__HOW TO COMPLETE THIS TASK__: In the material below, the required lines run from the one containing "For sale is" through the one containing "提篮拿掉,倒入火锅底料,然后". Copy those lines exactly, ends included, and nothing else.

__SOURCE DATA__:

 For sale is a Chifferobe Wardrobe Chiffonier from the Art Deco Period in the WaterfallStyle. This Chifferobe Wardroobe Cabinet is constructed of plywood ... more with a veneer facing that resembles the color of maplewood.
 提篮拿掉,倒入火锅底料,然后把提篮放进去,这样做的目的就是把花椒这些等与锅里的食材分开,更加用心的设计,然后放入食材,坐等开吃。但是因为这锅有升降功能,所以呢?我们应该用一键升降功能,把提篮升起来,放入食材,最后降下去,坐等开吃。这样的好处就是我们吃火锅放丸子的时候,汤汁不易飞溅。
--
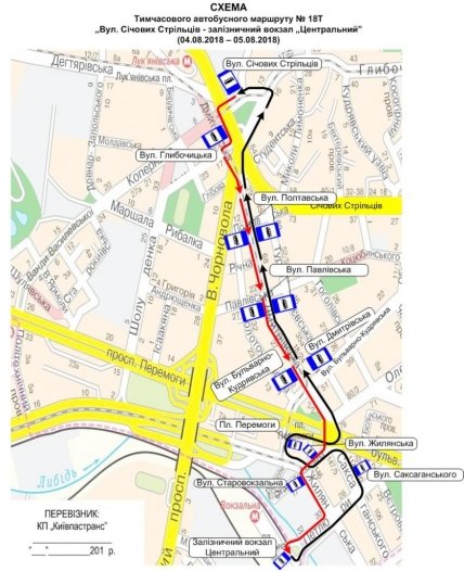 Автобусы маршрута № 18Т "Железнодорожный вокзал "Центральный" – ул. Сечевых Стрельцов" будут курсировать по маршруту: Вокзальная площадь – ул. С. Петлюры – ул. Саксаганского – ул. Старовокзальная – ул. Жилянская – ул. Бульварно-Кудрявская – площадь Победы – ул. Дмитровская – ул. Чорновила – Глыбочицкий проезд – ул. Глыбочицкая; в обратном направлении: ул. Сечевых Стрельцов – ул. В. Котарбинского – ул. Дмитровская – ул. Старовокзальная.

__ANSWER SECTION__:
 For sale is a Chifferobe Wardrobe Chiffonier from the Art Deco Period in the WaterfallStyle. This Chifferobe Wardroobe Cabinet is constructed of plywood ... more with a veneer facing that resembles the color of maplewood.
 提篮拿掉,倒入火锅底料,然后把提篮放进去,这样做的目的就是把花椒这些等与锅里的食材分开,更加用心的设计,然后放入食材,坐等开吃。但是因为这锅有升降功能,所以呢?我们应该用一键升降功能,把提篮升起来,放入食材,最后降下去,坐等开吃。这样的好处就是我们吃火锅放丸子的时候,汤汁不易飞溅。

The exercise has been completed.